In order to apply the inclusion and exclusion criteria, collect relevant bibliometric information, and add appropriate tags to our start set of 350 papers, we adopted the following process: we divided the papers up into six roughly equal groups, sorting by number of citations then assigning every sixth paper to a group. Each group was given to a single coder (one of our authors) to process. As described in Sect. 4.3, the ICR process resulted in a set of six coders. This means that each coder had to process about 60 papers.

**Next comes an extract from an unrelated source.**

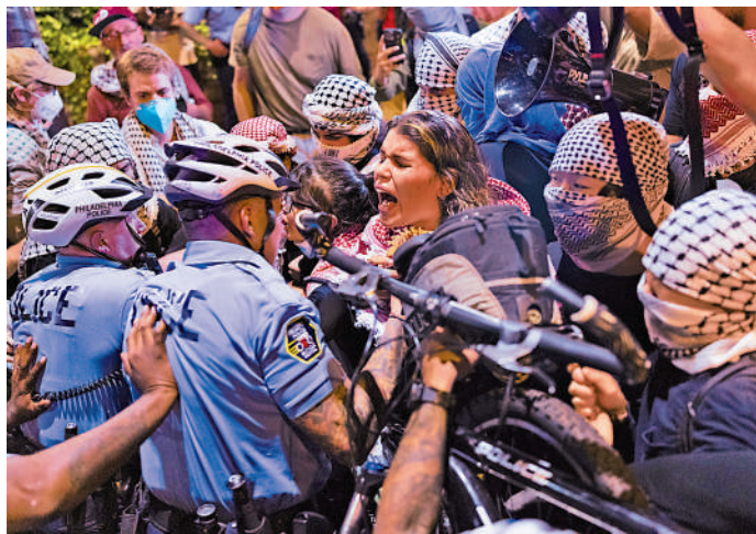
▲支持巴勒斯坦人士10日在費城示威，並與警方發生衝突。

互相尊重的姿態。「我覺得現在的美國已經離這個很遠了。現在兩邊都太極端了。」（綜合報道）

When processing a paper, we first used the inclusion and exclusion criteria to determine whether the paper was in or out. If the paper was in, we collected basic bibliometric information for each included publication. Some of this information was extracted automatically from Scopus, while the rest was added (or corrected) by hand. For each included publication, we kept track of: the paper title, authors with their affiliations and countries, venue, type of venue, year, number of citations (according to Scopus, Google Scholar, and Web of Science), number of pages, and GORE framework (e.g., i*, KAOS). In cases when the GORE framework was not clear or multiple frameworks were applied, we used the tags “general” or “multiple,” respectively. We also added tags for paper types and topics as per the scheme in Sect. 4.2. In several places in our data-collection form, coders could indicate the presence of “doubts” or issues, for example, if they were unsure about exclusion of a paper or a particular code.

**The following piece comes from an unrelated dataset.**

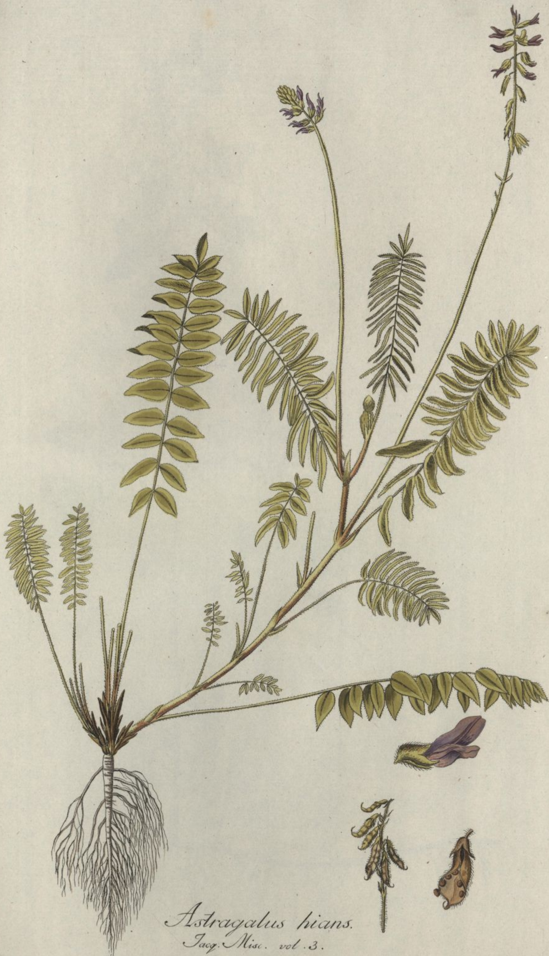
Astragalus hians. Jacq. Misc. vol. 3.

When this process was complete, each paper was reassigned to a second coder, for a cross-check. We assigned the papers such that every coder was checking a roughly equal number of papers coded by each other coder. The second coder reviewed papers inclusion/exclusion and tags, raising issues in various fields when they thought a code was missing or incorrect. Issues raised by both the first and second coders were stored in the database. These issues were discussed and resolved, first among the pair of coders, and in case of continued disagreement by the entire group of 6 coders. Overall, we found and resolved 182 issues concerning 124 out of 246 papers.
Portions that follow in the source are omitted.